Magnetite-Arginine Nanoparticles as a Multifunctional Biomedical Tool

Victoria E Reichel  1   2 Jasmin Matuszak  3   4 Klaas Bente  1   5 Tobias Heil  1 Alexander Kraupner  6 Silvio Dutz  7 Iwona Cicha  3 Damien Faivre  1   8
Affiliations

Magnetite-Arginine Nanoparticles as a Multifunctional Biomedical Tool

Victoria E Reichel et al. Nanomaterials (Basel). .

Abstract

Iron oxide nanoparticles are a promising platform for biomedical applications, both in terms of diagnostics and therapeutics.

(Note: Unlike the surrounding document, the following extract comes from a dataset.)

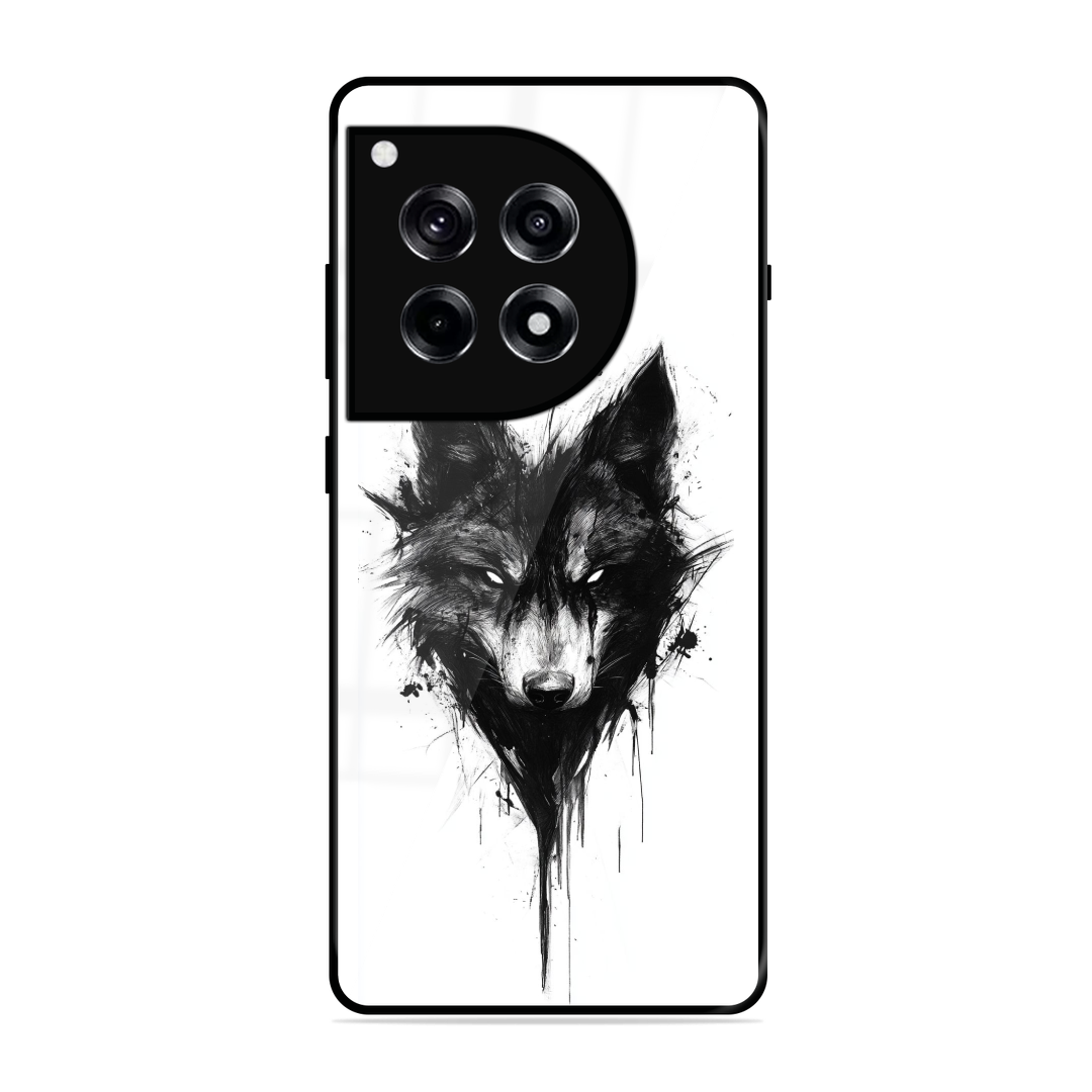 Tempered Glass Coated Metal Back Case for Oneplus 12R 5G The Mighty Wolf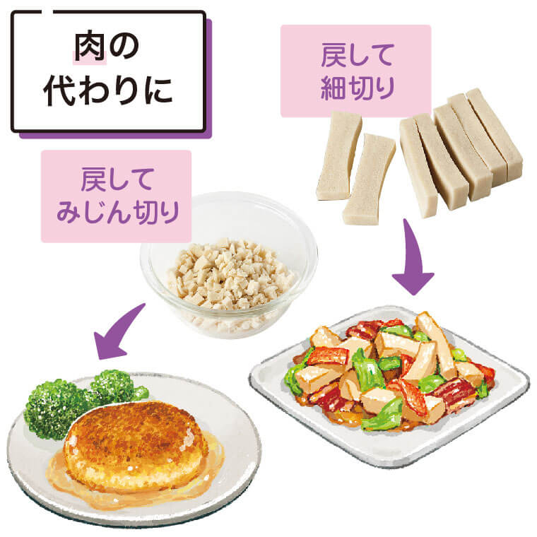 高野豆腐は1日じゅう、いつ食べても大丈夫。基本は戻して使いますが、乾燥のまま粉にして使うのも便利です。

In addition, arginine-rich polypeptides are known to penetrate across cell membranes. Here, we thus introduce a system based on magnetite nanoparticles and the polypeptide poly-l-arginine (polyR-Fe3O4). We show that the hybrid nanoparticles exhibit a low cytotoxicity that is comparable to Resovist®, a commercially available drug. PolyR-Fe3O4 particles perform very well in diagnostic applications, such as magnetic particle imaging (1.7 and 1.35 higher signal respectively for the 3rd and 11th harmonic when compared to Resovist®), or as contrast agents for magnetic resonance imaging (R2/R1 ratio of 17 as compared to 11 at 0.94 T for Resovist®). Moreover, these novel particles can also be used for therapeutic purposes such as hyperthermia, achieving a specific heating power ratio of 208 W/g as compared to 83 W/g for Feridex®, another commercially available product. Therefore, we envision such materials to play a role in the future theranostic applications, where the arginine ability to deliver cargo into the cell can be coupled to the magnetite imaging properties and cancer fighting activity.

Keywords: MRI; hyperthermia; iron oxide; nanoparticle; theranostics.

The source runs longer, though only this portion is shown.